Moreover the jury found him not guilty of providing false information to the bank, but guilty of mortgage fraud. Huh?

The guy doesn't come off as clean, but it's not clear he should be in jail. It's an astonishing story and worth a read.

Comment Re:Don't force UI changes on users (Score 2) 797

I'm not sure if you're joking or not.

I started computing over 30 years ago. For a long time I was a Windows user, on the upgrade treadmill and I found it fun, but these days it's Emacs, LaTeX, Octave, and bash shell scripting. One of the great things about these tools, for me, is that they are all about the getting the task done and the interface is *not* changing all the time. Of course some things change over time. But for writing I am pretty much working the way I did 10 years ago (emacs/latex). I'm a fan of changes where I'm lured to do something new (learning R for example, which I'm now doing), rather than being coerced into it.

As I said, I haven't used Gnome 3, so I don't have an opinion. And yes, I know that I can always use KDE or fluxbox or whatever. But I repeat: I see no reason to force UI changes on users.

Comment Don't force UI changes on users (Score 2) 797

I haven't used Gnome 3 so I don't know if I like this change. But I have one request for the devs: ***PLEASE*** make it *easily* possible to retain the Gnome 2 look and feel if a user prefers that. TFA wasn't clear about whether this would be possible.

You become comfortable working in a particular way. Then you upgrade ---all your reflexes are wrong and you have to waste time relearning the interface. If I'm productive, let me stick with what I know. For a developer to alter the UI without a downgrade path (as MS did with the Office ribbon) is the height of solipsistic arrogance.

Comment Re:Human video projectors (Score 1) 139

I'm a professor. I tell my students about Khan Academy and provide links to it. I'm teaching a relatively advanced course for which there's no good online substitute that I'm aware of. But someday there may be. And when there is, I'll hopefully be able to delegate to online learning the part that fits the online learning model, and concentrate on the part that doesn't.

And if everything is someday subsumed by online learning or its successor, well, things change. It's very hard on the people and institutions that get steamrollered.

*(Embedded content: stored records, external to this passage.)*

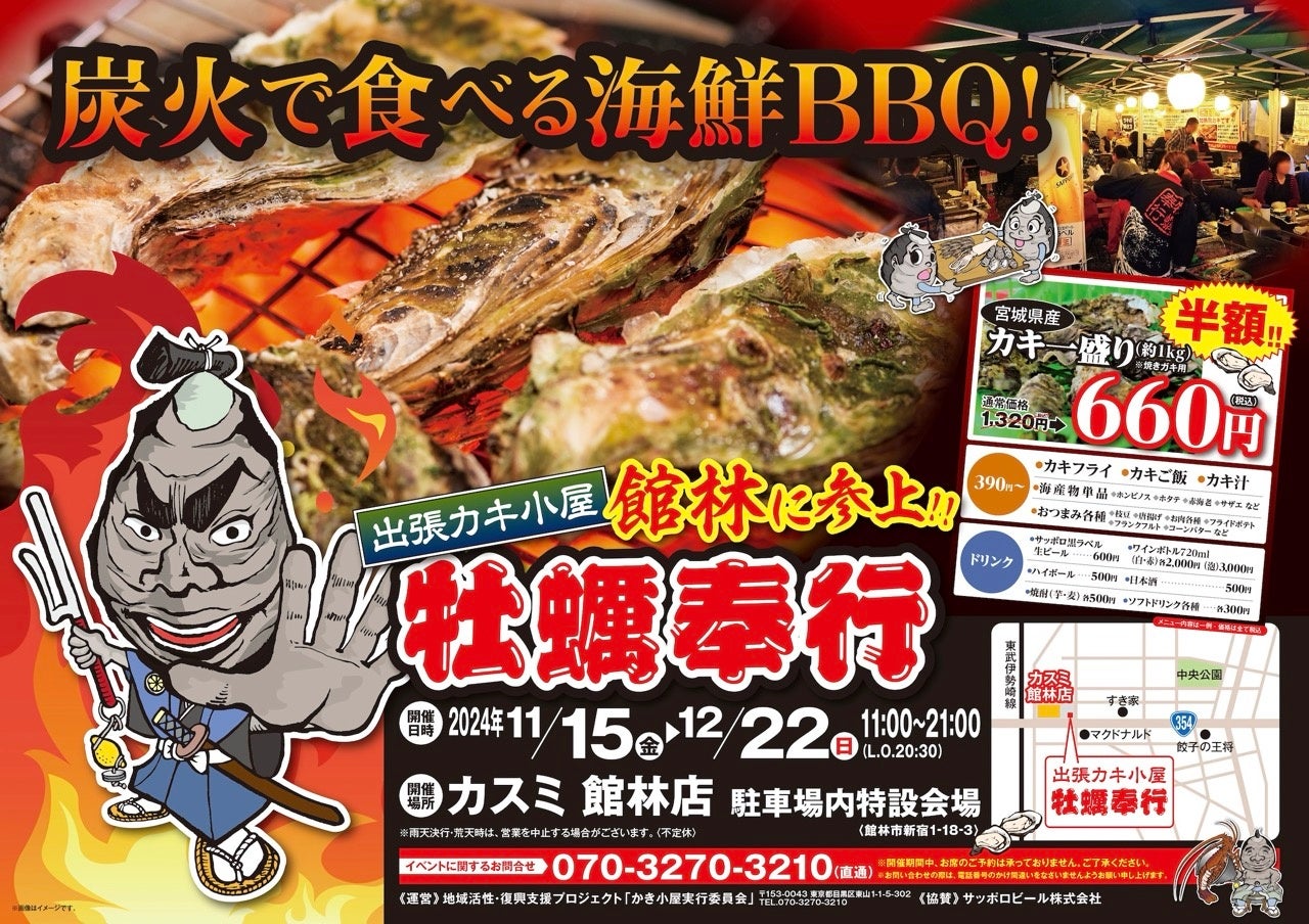群馬県館林市 ▶︎東北の牡蠣が、復興支援価格の約1kg660円!! 11/15 - 12/22 の限定出店!炭火焼き出張カキ小屋「牡蠣奉行」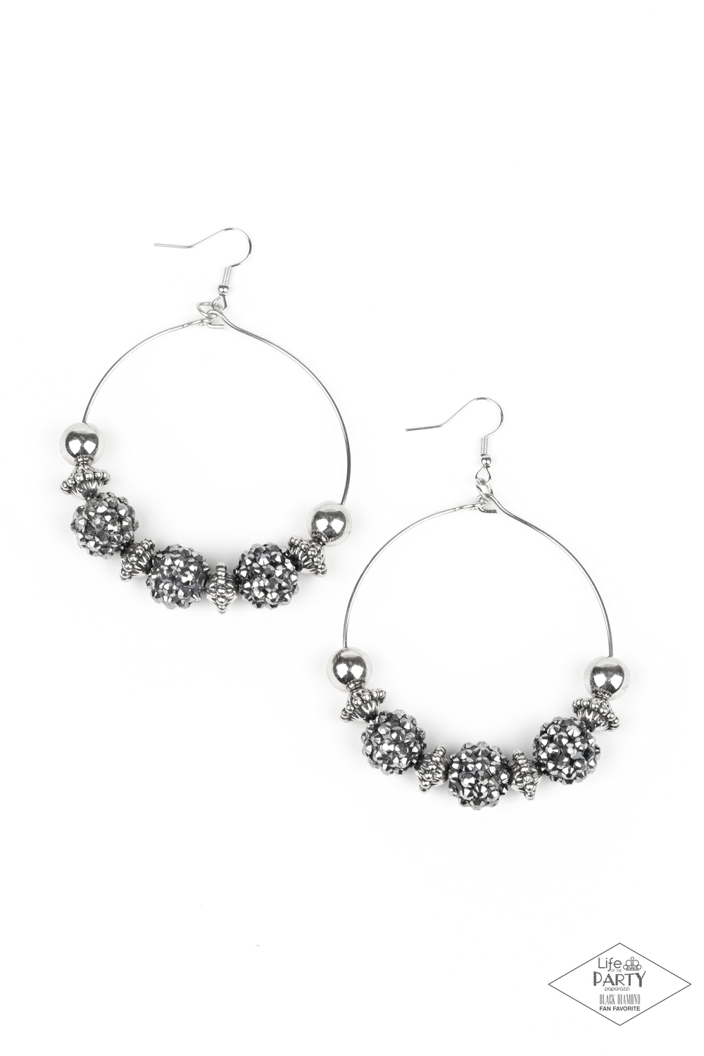 A stunning array of studded silver accents, oversized silver beads, and hematite rhinestone encrusted black beads are threaded along a dainty silver wire hoop, resulting in a dazzling pop of color. Earring attaches to a standard fishhook fitting.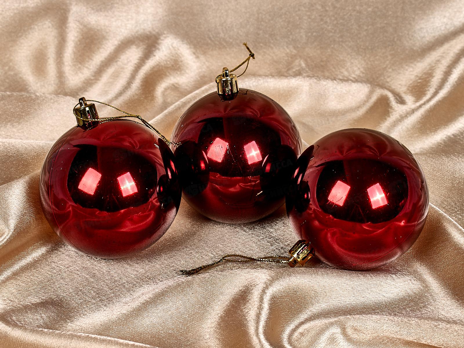 Набор елочных шаров 3шт "Глянец" 8см темный рубин 201-1757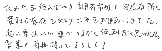 たまたま住んでいる調布市内で身近な所に貴社の存在を知り、工事をお願いしました。近いことはいいことで何かと便利だと思いました。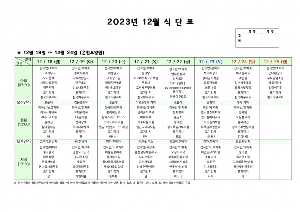 12월 넷째주 식단표 페이지 정보 작성자 은천노인복지회 작성일23-12-15 11:21 조회31,833회 댓글0건 관련링크 이전글 다음글 목록 답변 본문 . 이전글 다음글 목록 답변

But the world changes.

Comment Re:And this is progress? (Score 1) 97

I agree with you that this makes no sense, which makes me hope that the "nothing stored on the local computer" is a bit of an exaggeration. *Some* of the time, you are going to be without an internet connection and you may still want to work on that document or read/write e-mail.

We're a long way from people asking "Off-line? What does that mean?"

Comment Re:Less editorialization please (Score 5, Informative) 351

Unless I'm missing something, it's a highly misleading summary. In the TFA, the quoted figures are from a UK price comparison site. It's not sales, it's site visitors comparing phones.

There is a discussion of sales, but it's from an article dated Nov 9.

This is an embarrassing post, even by Slashdot standards.